We heard a loud cracking noise outside.

“Timber!” several of the volunteer lumberjacks shouted.

I glanced up at the window, but couldn’t see anything except several of my uncles flinching as something—presumably the dead branch—landed below, with a lot of crashing sounds. Also breaking glass sounds. Then the uncles glanced up at me with sheepish looks on their faces.

“How bad is it?” I asked, as Michael peered out of the window.

“We’d probably have had to replace that window anyway,” Michael said. “Whoever owned the funnel cake truck will be upset, but it’s not as if they had our permission to park it on our lawn, so we’re probably fine.”

“Damn,” I muttered.

“I’ll go down and deal with it,” he said, reaching for his jeans. “So what are you planning to do today?”

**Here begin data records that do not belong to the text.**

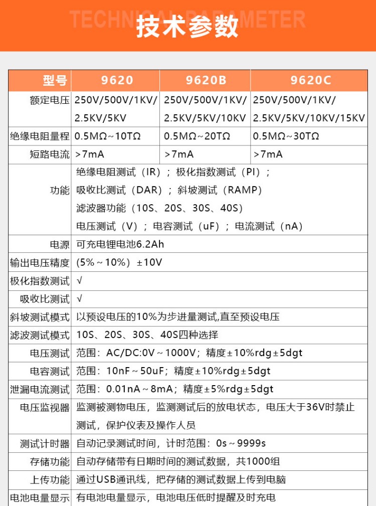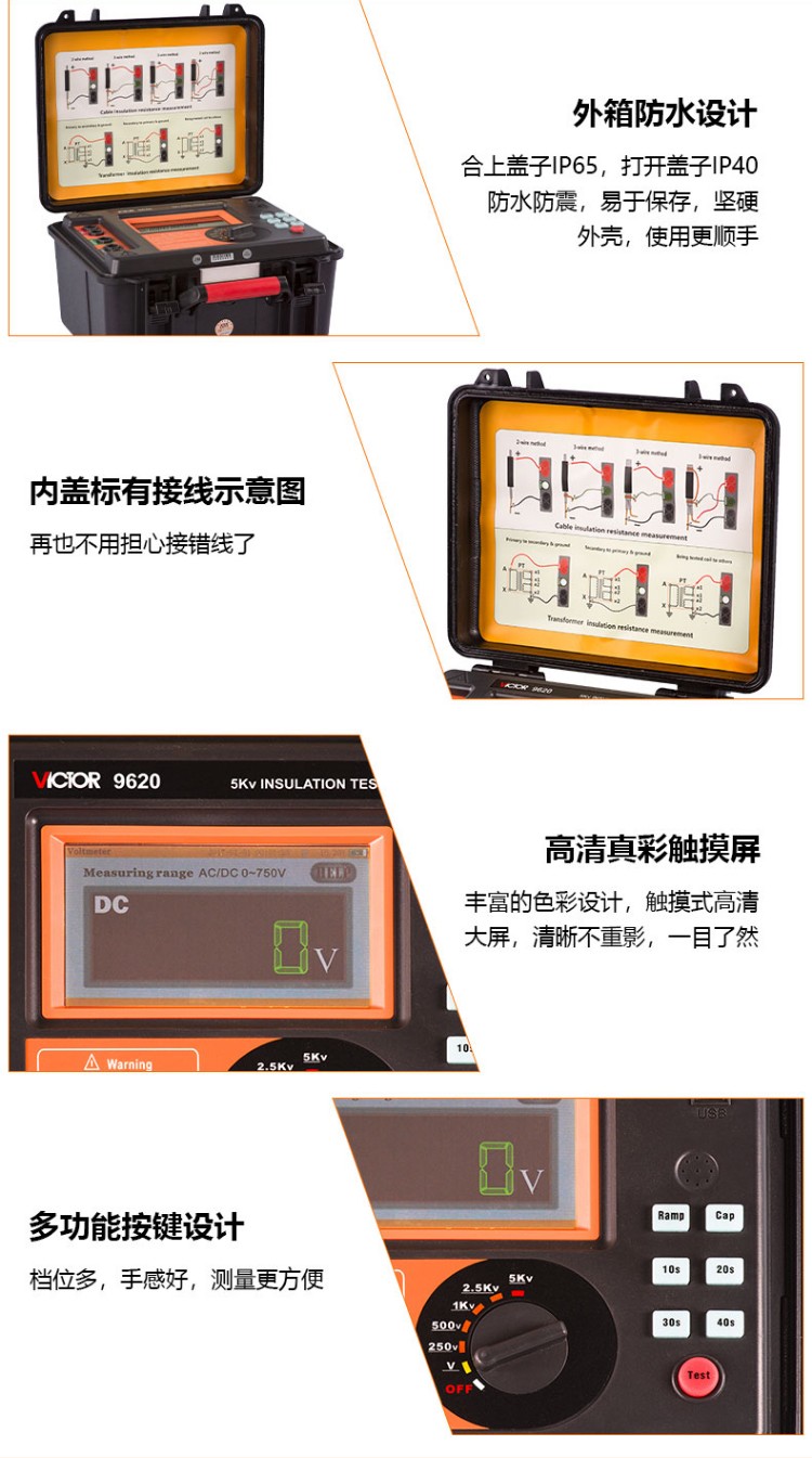 胜利仪器(VICTOR) 高性能高压绝缘电阻测试仪 USB数据储存 VC9620B【10KV·20TΩ】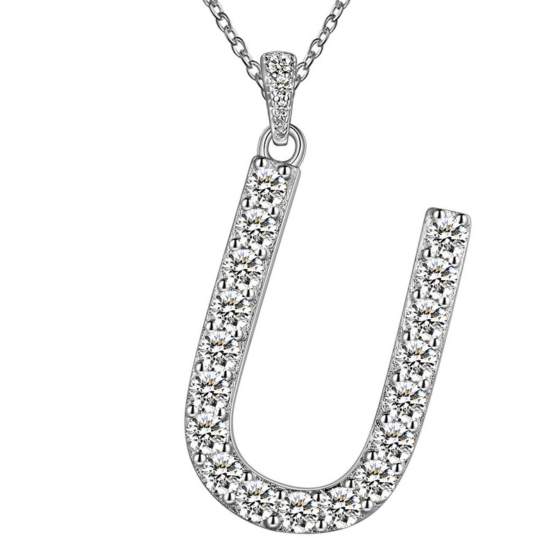 Jewmon Initial Necklace 925 Sterling Silver Cubic Zirconia Alphabet 26 A-Z Letter Necklaces for Women Girls, Sterling Silver, Diamond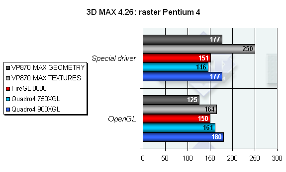 Начнем исследования с тестирования скорости работы на стандартных демосценах, что идут в комплекте 3DS MAX. Поясним условные обозначения на диаграммах. Под термином "Special driver" мы понимаем специальный драйвер от производителя видеокарты, который предназначен только для работы в 3DS MAX. Драйвера от компании ATI называются MAXIMUM, драйвера от компании NVIDIA называются MAXTREME, а драйвер для VP870 от 3Dlabs никак не называется, более того, он не имеет каких-то своих функций управления, используя только стандартные настройки 3DS MAX. Под термином "OpenGL" подразумевается работа через стандартный OpenGL драйвер. Мы помним, о том, что в тесте SPECviewperf 3dmax-01, основанном на движке 3DS MAX, VP870 оказался первым и является вероятным кандидатом на звание наиболее предпочтительной карты для работы с этой системой трехмерного моделирования. Расставим же точки над i.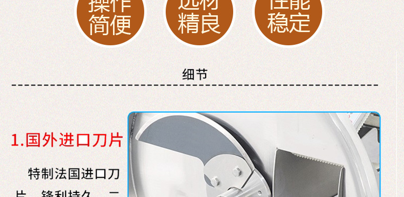 詳細信息 訂貨號QP-120 加工定制否 貨號QP-120 種類切肉片機 品牌赫爾希 型號QP-120 電壓380(V) 功率1.5(kw) 凈重160(kg) 包裝塑包 外形尺寸1350*600*1250(mm) 產品用途食品切片切條 適用范圍冷凍食品廠設備,休閑食品廠設備,肉制品加工廠設備,西餐店設備,中餐店設

“That depends on Chief Burke,” I said. “If the crime scene people finish early enough, we might reopen the yard sale. But I’m not optimistic. At a minimum, it would be nice if they could finish processing all the boxes of stuff people collected, so we could get those off our hands.”

“Seems reasonable.” Michael said. “But not urgent.”

“What if people change their minds?” I said. “What if they don’t come back to pay for the stuff they’ve collected? What if they don’t even come back to pick up what they’ve already bought, and we have to hunt them down to get them to haul it away?”